§ **Exercise goal**: With the pictures removed, retype the lines from the one holding "Night! 夜を突き抜けて |" through the end of the records, exactly as written.

§ **Task inputs**:
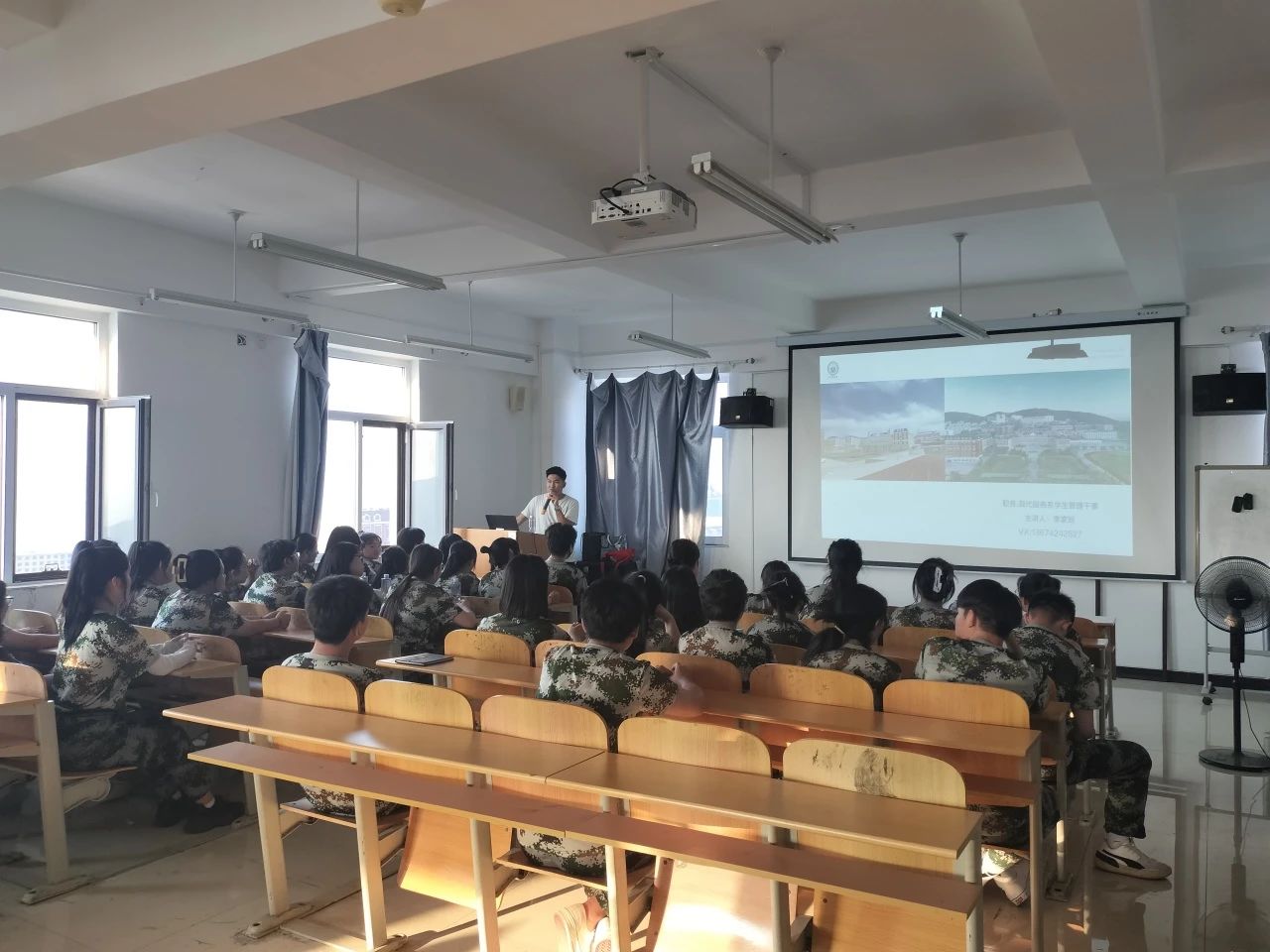 7月19日下午18:00,现代服务系学生管理干事李家旭在3号教学楼517教室为同学们讲解了“寝室文明与安全”,学生寝室是学生休息的主要场所,也是反映大学生精神文明和礼仪修养的关键窗口。李老师告诉同学们,创建文明、和谐、整洁的宿舍环境是我们共同的责任。
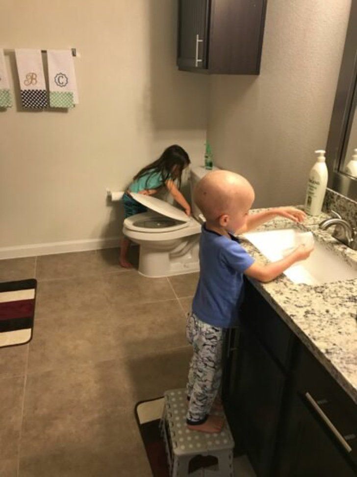 Hace unos meses, Kaitlin tomó la fotografía de Aubrey cuidando a su hermanito. Él tuvo una crisis de dolor y ella lo ayudó a sentirse mejor. Cuando pasó, la niña incluso limpió el baño para no dejar rastros de la enfermedad.
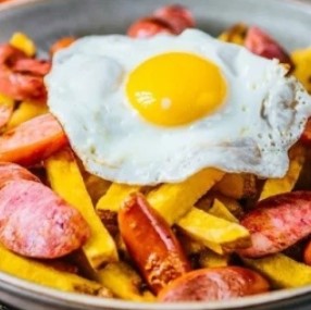 Crocantes papas fritas chorizo y huevo.
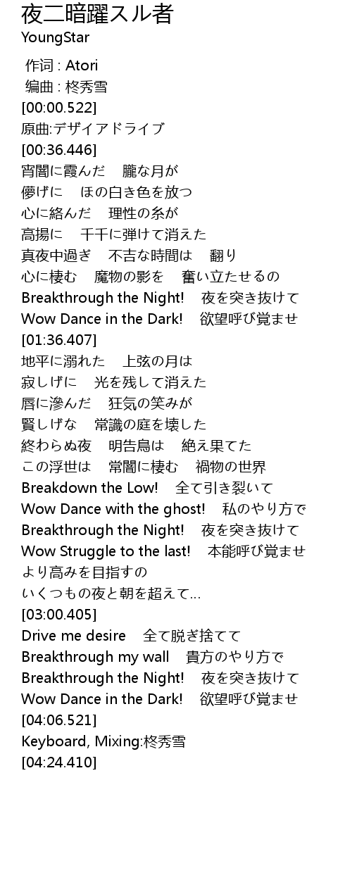 | [03:53.703] | Breakthrough the Night! 夜を突き抜けて |
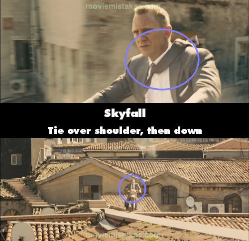 Continuity mistake: As Bond chases Patrice over the rooftops of the Grand Bazaar in Istanbul at the start of the film, in the close ups of Daniel Craig his tie can be seen noticeably flapping over his shoulder (as you would expect). But in the long shots with the stuntman it doesn't move about at all, presumably having been fixed in place for safety. (00:04:40)

§ **Written response**:
 | [03:53.703] | Breakthrough the Night! 夜を突き抜けて |
 Continuity mistake: As Bond chases Patrice over the rooftops of the Grand Bazaar in Istanbul at the start of the film, in the close ups of Daniel Craig his tie can be seen noticeably flapping over his shoulder (as you would expect). But in the long shots with the stuntman it doesn't move about at all, presumably having been fixed in place for safety. (00:04:40)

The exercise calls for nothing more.